• Por eso me sorprendí mucho cuando empezaron a estrenar todas aquellas películas relacionadas al beisbol de finales de los años 1980s, era dificil asimilar que aquel juego anodino para muchos, especialmente en el ambiente de los estudios cinematográficos, de pronto se convirtiera en argumento atractivo para la industria. Si, es verdad que la razón fundamental de eso residía principalmente en la pasión por el beisbol que había desarrollado cada uno de los directores de esas películas, por eso muchos pensaron que aquel período solo sería algo muy circunstancial, un acontecimiento muy puntual. Todo empezó con la tensión de Eight Men Out y la resignación de Bull Durham en 1988. Seguidas por la emoción de Major League y la magia de Field of Dreams (El Campo de los Sueños) en 1989. Hasta ese momento no me había percatado de la metáfora del hogar ligada al beisbol.

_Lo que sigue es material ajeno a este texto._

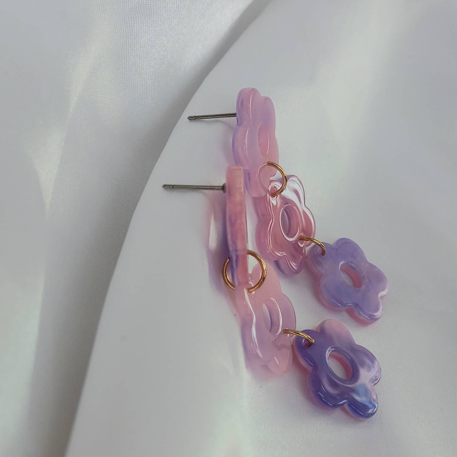 Purple Flower Drop Earrings-Purple Flower Earrings In The UK,Purple Flower Jewlellery In The UK,Retro Earrings,70's Earrings,Purple Earrings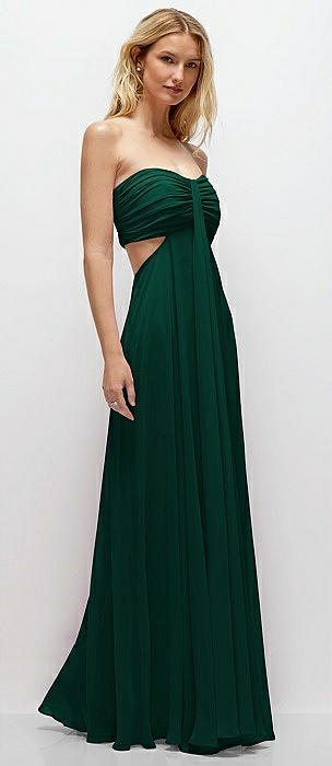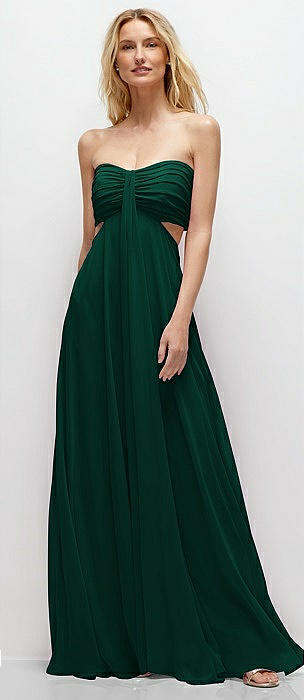 Strapless Empire Waist Cutout Maxi Dress with Covered Button Detail in hunter green

• Ver a un granjero con una esposa, una hija pequeña y la responsabilidad de hacer productivo un terreno de decenas o centenares de hectáreas, tumbar buena parte del maizal para construir un estadio de beisbol, por la descabellada razón de haber escuchado una voz que le aseguraba que si lo construía alguien vendría, resultaba algo escalofriante sin ser una película de terror, algo tan o más emociónate que un jonrón en extra inning para dejar sobre el terreno al rival, reformulaba, rediseñaba la noción que tenía hasta ese momento del beisbol. A partir de ese momento empecé a percibir todos esos detalles mimetizados en la aparente frialdad del juego hasta trastocarse en la más apasionante cartografía emocional con carreteras que atraviesan en todas direcciones , en medio de los paisajes más inverosímiles, todos los caminos de las relaciones familiares, todas las mesetas de la sensibilidad, toda la geografía del hogar. De pronto parecía que ese rombo de grama y arcilla estuviera enmarcado en la sala familiar.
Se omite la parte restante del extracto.